But ferocious censorship during 50 years of military dictatorship combined with deep poverty and the exile, imprisonment or suppression of many of its best writers – one served 15 years in jail after an allegedly subversive poem was found in his home – drove literary culture deep into the shadows. Mrs Heyn conceived the outlandish ambition of trying to winkle it out.

“It was always in the back of my mind that I wanted to do anything possible for people in Burma who loved literature but couldn’t get to it,” she said, as the festival wound down.

In November 2010, Ms Suu Kyi emerged from house arrest for the last time and a couple of months later Jane seized her moment. “I said to her, if we organised a literary festival, would you support it? She immediately said yes.”

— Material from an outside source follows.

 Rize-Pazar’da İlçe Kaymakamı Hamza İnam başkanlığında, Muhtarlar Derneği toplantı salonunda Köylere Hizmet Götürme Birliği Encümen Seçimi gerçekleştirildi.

Ms Suu Kyi, a prolific writer who once dreamed of setting up a chain of libraries in the country, was the ideal ally: a dedicated reader, who as an undergraduate at Oxford tried and failed to change her degree from PPE to English.

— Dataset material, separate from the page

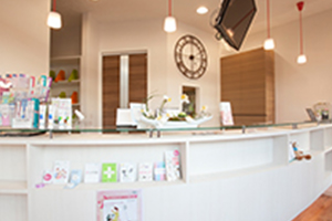 こちらにて受付を行います。お会計や次回のご予約なども承ります。

Her name was also magic; combined with the literary networking resources of the veteran diplomat Giles Fitzherbert, Evelyn Waugh’s son-in-law, they made a formidably effective team.

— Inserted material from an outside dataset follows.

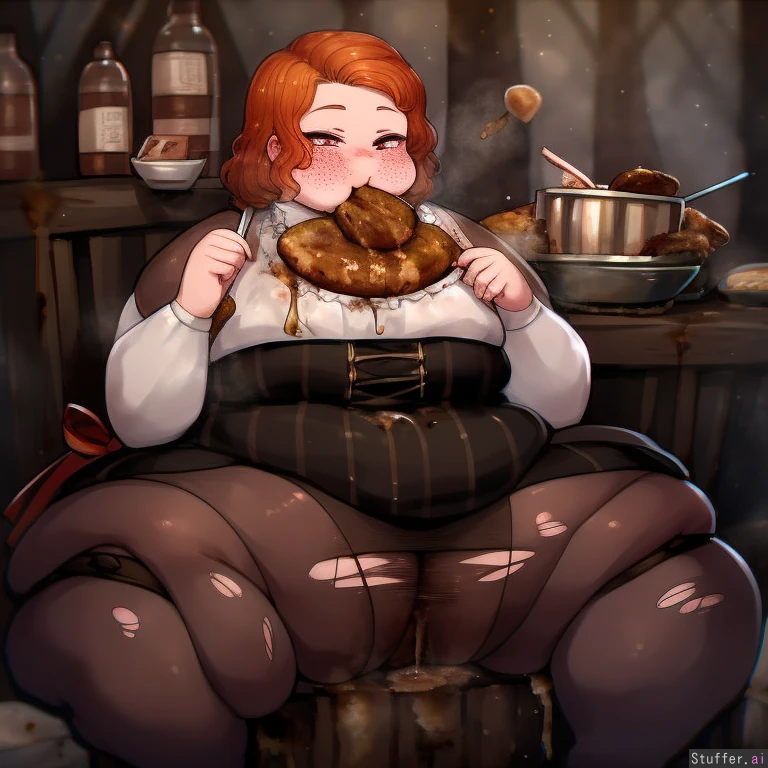 best quality, high rating, (detailed realistic++ masterpiece), 8k, c.cu-, blushspicy-, 1girl, medieval, (short young dirty poor beggar fat obese girl), (young face), (flat small+ flat small flat covered chest):1.1, (dirty poor old torn ragged coarse medival beggar dress), (messy wild unwashed dirty messy hair), (brown dirty unwashed ginger hair), (freckled skin), (desperate pleasure hungry expression), desserts, (morbidly obese):1.15, (fat-legs-), wide hips, (messy gluttony eating), (putting food in mouth), blushing,

The second edition of the festival made the most of such bridges as already exist between Burmese writers and the Anglophone world, recruiting authors Thant Myint-U, grandson of UN Secretary-general U Thant, novelist Wendy Law-Yone, the poet Ko Ko Thett, featured in the first-ever anthology of translations of contemporary Burmese poetry, Bones Will Crow, among others.

Although the foreign writers are selected with care, Jane Heyn said: “It’s a fundamental principle that any Burmese author who wants to take part is free to do so.” This policy freed her and her colleagues from the invidious task of picking writers in a culture they knew little of, but it provoked a boycott attempt by at least one Burmese writers’ group, who objected to the inclusion of writers who had been favoured by the military regime. Those who chose to ignore the attempted boycott “were under a lot of pressure”, she said. “Some of them have been in and out, in and out.”

If the festival has a problem, it is perhaps the scale of the task it has embraced. The Burmese and western literary worlds remain a very long distance apart: generations of Burmese writers grew up during the dictatorship with minimal knowledge of books outside their own country.

And the problem goes far deeper than that. In 1857, when King Mindon was commissioning “the world’s biggest book” at Kuthodaw pagoda, Japan was about to embark on a course of modernisation that would make it a world power within 50 years. Little more than half a century after that, many Japanese authors were revered in the West, thanks to brilliant translations. In its literary culture, Burma is still at the very start of that road. No-one listening – even uncomprehendingly – to the flights of rhetorical power exhibited by some of the poets at the festival can doubt their potential.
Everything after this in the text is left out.